● Records provided:
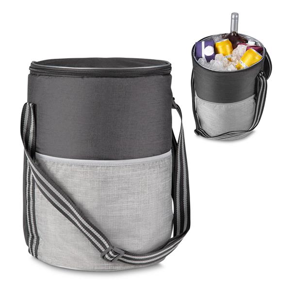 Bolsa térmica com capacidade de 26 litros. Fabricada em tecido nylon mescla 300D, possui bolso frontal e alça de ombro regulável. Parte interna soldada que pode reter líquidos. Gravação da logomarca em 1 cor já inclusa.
...
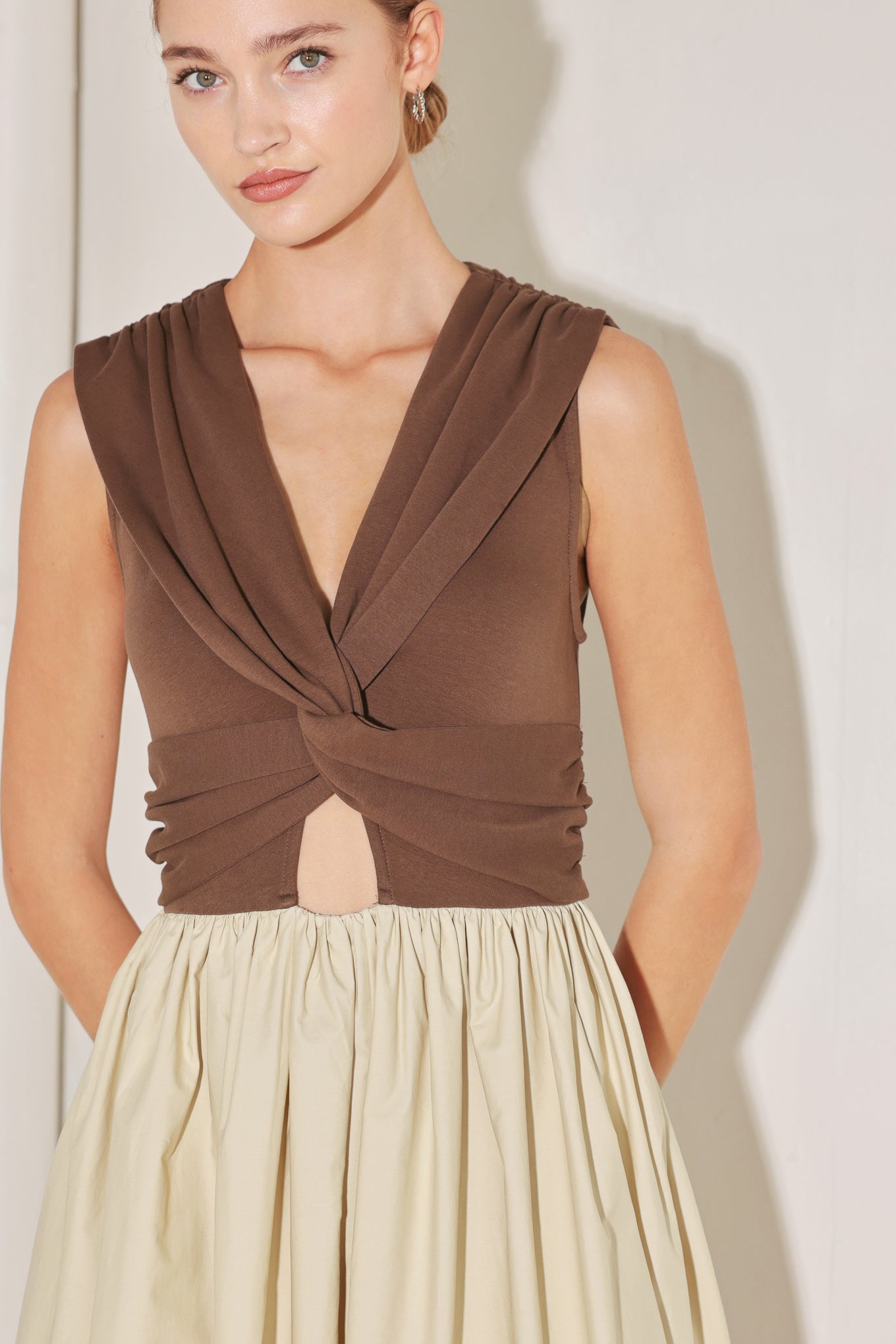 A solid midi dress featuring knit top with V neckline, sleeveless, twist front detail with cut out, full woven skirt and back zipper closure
---
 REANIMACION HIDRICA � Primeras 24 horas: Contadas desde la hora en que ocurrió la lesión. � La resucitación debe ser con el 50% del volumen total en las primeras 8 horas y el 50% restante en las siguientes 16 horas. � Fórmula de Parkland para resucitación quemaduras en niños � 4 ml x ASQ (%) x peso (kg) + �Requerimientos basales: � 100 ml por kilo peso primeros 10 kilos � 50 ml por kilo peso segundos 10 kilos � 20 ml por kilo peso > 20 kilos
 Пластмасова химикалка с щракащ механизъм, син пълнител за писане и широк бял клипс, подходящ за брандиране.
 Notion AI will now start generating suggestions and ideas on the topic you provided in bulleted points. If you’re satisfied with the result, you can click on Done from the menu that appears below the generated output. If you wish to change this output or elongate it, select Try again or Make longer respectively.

● Goal of the exercise:
Write down again, exactly as given, only the lines above that fall from the line with "REANIMACION HIDRICA �" to the line with "Пластмасова химикалка с", inclusive.

● Written response:
 REANIMACION HIDRICA � Primeras 24 horas: Contadas desde la hora en que ocurrió la lesión. � La resucitación debe ser con el 50% del volumen total en las primeras 8 horas y el 50% restante en las siguientes 16 horas. � Fórmula de Parkland para resucitación quemaduras en niños � 4 ml x ASQ (%) x peso (kg) + �Requerimientos basales: � 100 ml por kilo peso primeros 10 kilos � 50 ml por kilo peso segundos 10 kilos � 20 ml por kilo peso > 20 kilos
 Пластмасова химикалка с щракащ механизъм, син пълнител за писане и широк бял клипс, подходящ за брандиране.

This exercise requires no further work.